IANAL but shouldn’t this be a requirement within the GDPR? As a data operator, an organisation has the obligation to disclose any loss/leak of data, so this should be enforced.
I'm wondering about this too. The GDPR requires a public notification. Why the hell is this coming from flippin' Google?! Why don't we have numbers on how many users were affected? Why isn't there a way to see if you're the one affected?
There was no Apple data breached. User endpoints were attacked, using various well crafted exploits against their software. This isn't a GDPR (privacy) issue, no company data was leaked, its end user data from their device. Apple tries to protect your data on their devices, but all software has bugs. Bad guys will try to exploit these bugs to reach their goals.

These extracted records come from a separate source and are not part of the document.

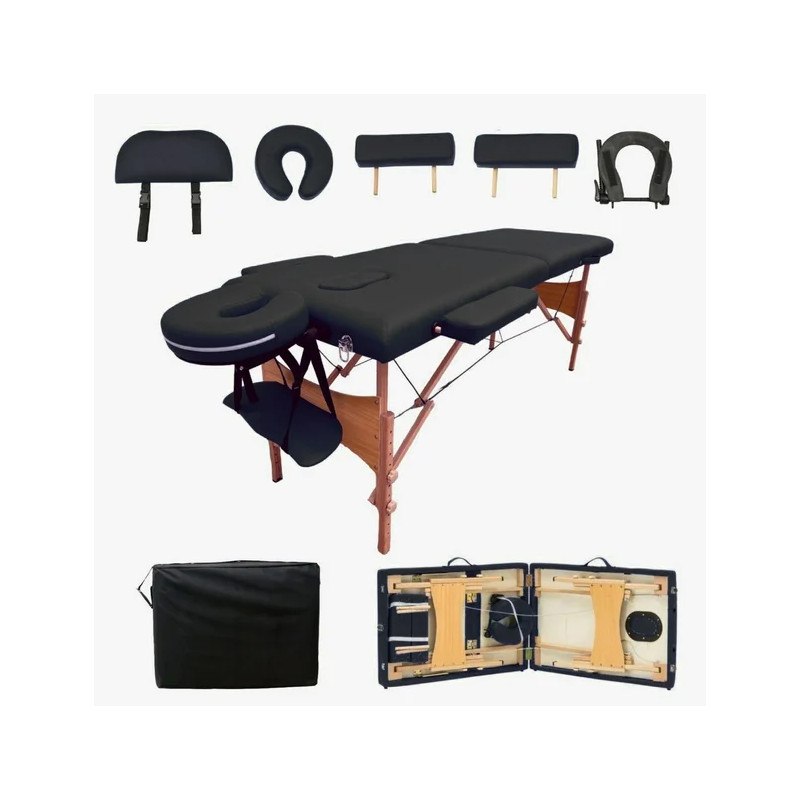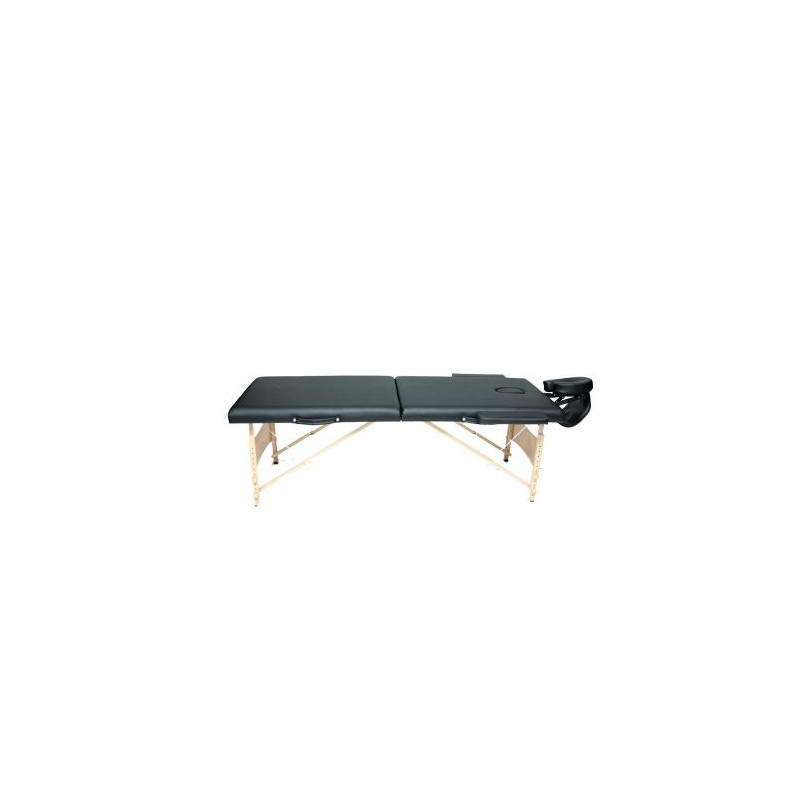 Cama Evok Anji-II en color negro, ideal para profesionales del bienestar. Altura y respaldo ajustables, superficie acolchada en vinil, estructura de madera sólida.
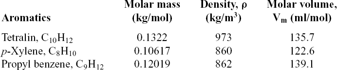 To determine the swelling effect, the P/Po values were calculated from the data. The higher the P/Po value, the higher the swelling effect of the elastomer. According to Graham et al.(Reference Graham, Striebich, Minus and Harrison12), the smaller the size or molar volume of the aromatic, the higher the rate of seal swelling. It can be referenced that the greatest seal swelling occurs in fuel and aromatics with small molar volume and strong hydrogen bonding potential and polarity(Reference Matthew, Edwin, Graham and Minus7). Table 5 lists the properties of aromatics used in this study. The molar volume of each aromatic can be calculated using Equation 2, which depends on its base compound(Reference Panidi, Trofimov and Lepikhina15):
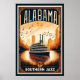 • This vintage-inspired Alabama travel poster features a classic riverboat cruising down a tranquil waterway. Musical notes float above the riverboat, capturing the spirit of Southern jazz culture. This poster brings to life the charm of Alabama's musical heritage and riverboat history, making it an ideal addition to any space that celebrates Southern culture.
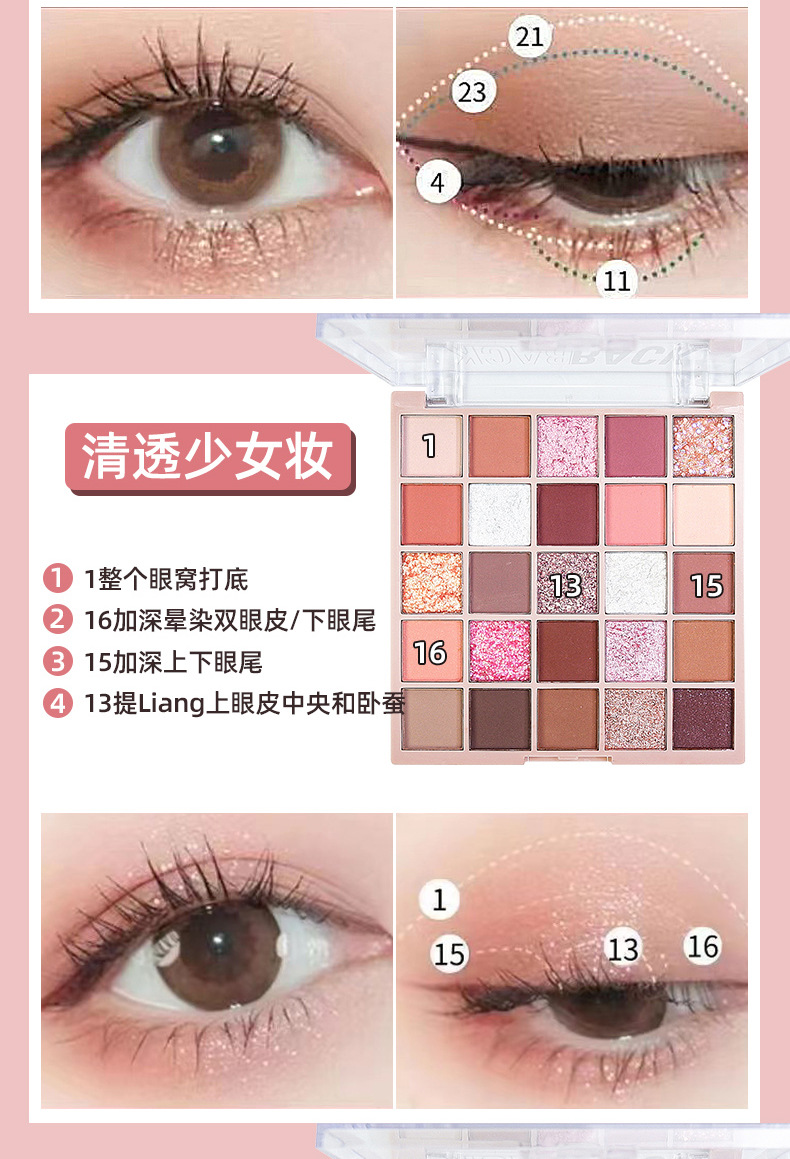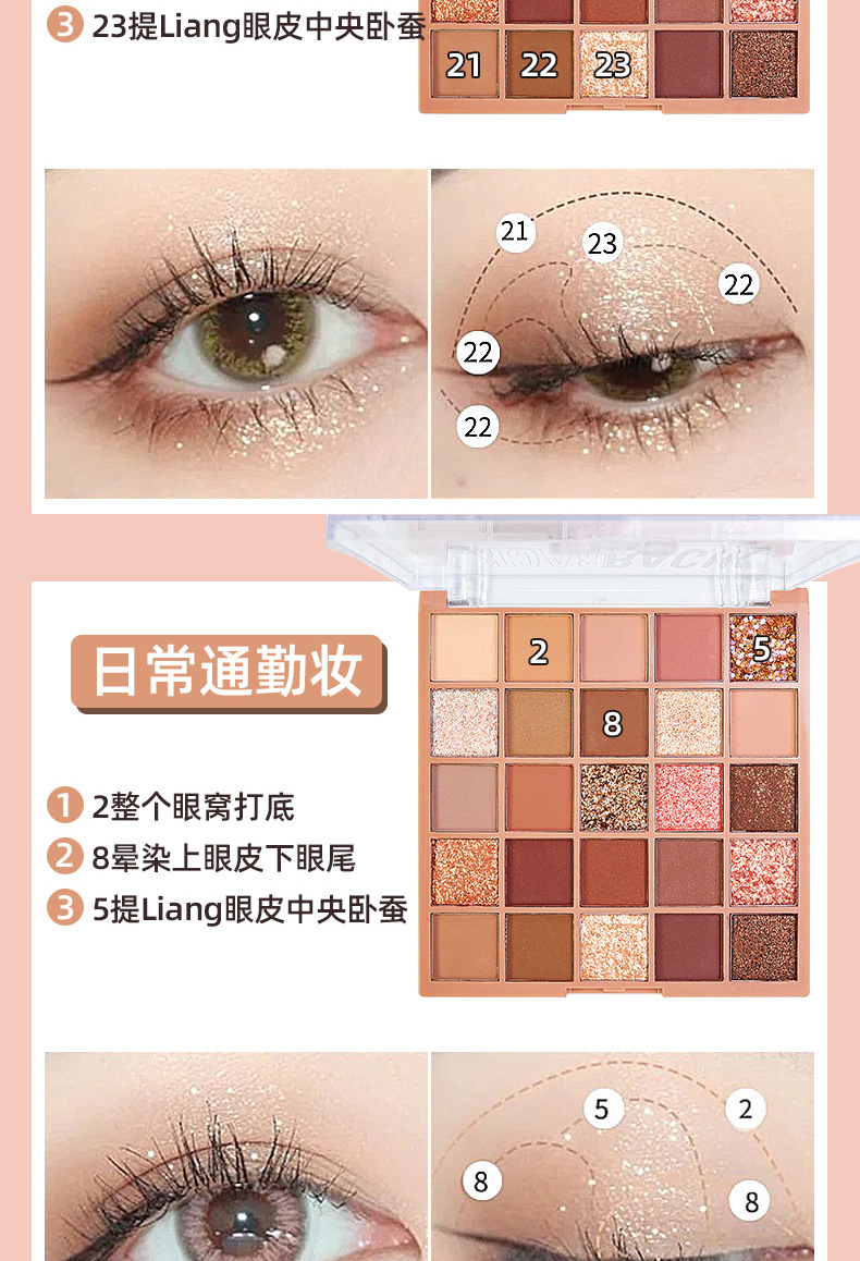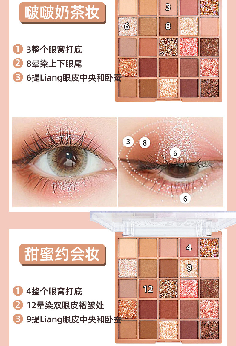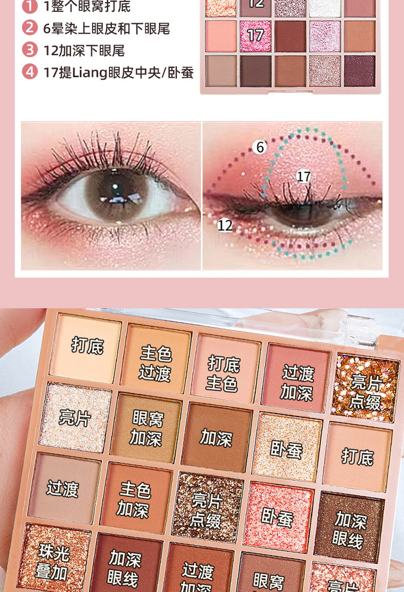 眼影盘大地色哑光珠光粉嫩亮片超闪一盘多用

Google does research into making it hard for attackers to compromise user devices. That is the purpose of PZ team. There are no numbers because nobody has these numbers except for the attacker. I am guessing Google has some ball park numbers based on search traffic or web analytics.
If you want to know if you were affected, you need to ask yourself if powerful adversary wants access to your data, possibly because of civil unrest occurring in their territory; and if you visit strange websites related to this. Only the adversary knows for sure, not Apple, Not Google.
The GDPR doesn’t care where the personal data is stored, I thought. It makes no distinction as far as I can tell between data stored on a web server and data stored on a device. You seem to be making a distinction. Is there a source you could reference?